Public Display? No Way!
After being presented in evidence at the trial, Booth’s derigner was put in storage under the control of the U.S. Army Judge Advocate General. In 1925, the Smithsonian Institution requested that it be turned over to them for safekeeping and public display, but the request was sharply denied. The answer was repeated in 1931 when Lieutenant Colonel Ulysses S. Grant III, the grandson of Civil War General (and later President) Grant, asked that the gun be displayed to the public at Ford’s Theatre.
What’s the Problem?
The Adjutant General explained in a letter to Grant: “The relics should not be displayed to the public under any circumstances, on the theory that they would create interest in the criminal aspects of the great tragedy, rather than the historical features thereof, and would have more of an appeal for the morbid or weak-minded than for students of history. […] the Lincoln relics should not be placed upon exhibition anywhere.”
Under New Management
In 1940 the War Department got rid of the whole problem by turning the pistol and other conspirator trial artifacts over to the National Park Service, which was now administering Ford’s Theater. The superintendent of the Lincoln Museum allowed impersonal artifacts, like Booth’s keys, maps, and diary to go on display but not personal artifacts like the bullet and skull fragments, which went to the National Museum of Health and Medicine. The murder weapon was considered borderline but was eventually put on display in 1942.
An Ongoing Controversy
The deringer is still on display at Ford’s Theatre, to the curiosity of some guests and the horror of others.
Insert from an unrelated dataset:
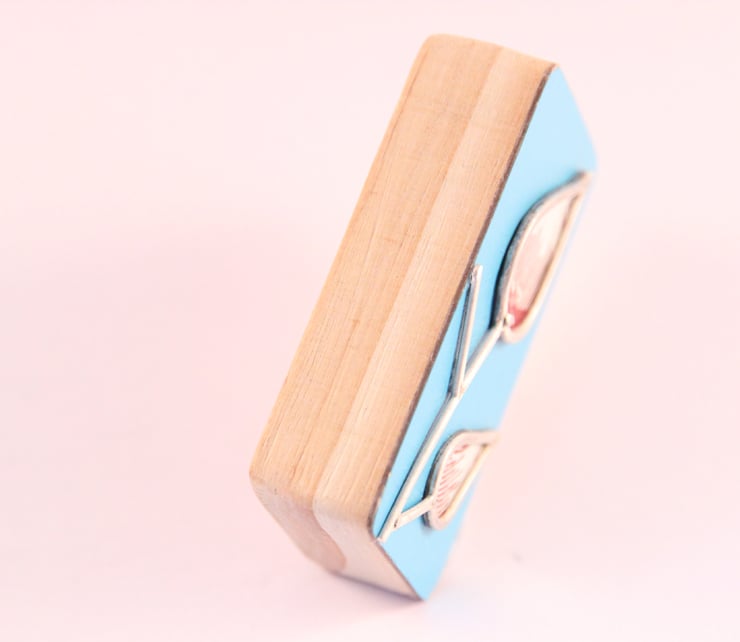 This funky chunky brooch is like a children's toy block. It's a fun a vibrant piece and looks great on coat lapels.
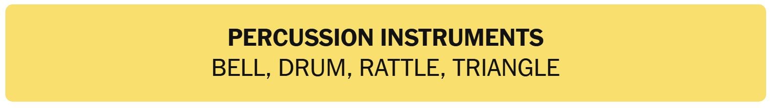 - PERCUSSION INSTRUMENTS – BELL, DRUM, RATTLE, TRIANGLE

Since it is an antique weapon at this point, perhaps some of the morbidity of it is lost on modern viewers. The administration at Ford’s is keen to make sure the pistol is not displayed in a way that glorifies it or treats it reverentially but places it in the context of the harm it did. Visitors are given the opportunity to give their responses online to the question “How should museums display weapons of violence”?”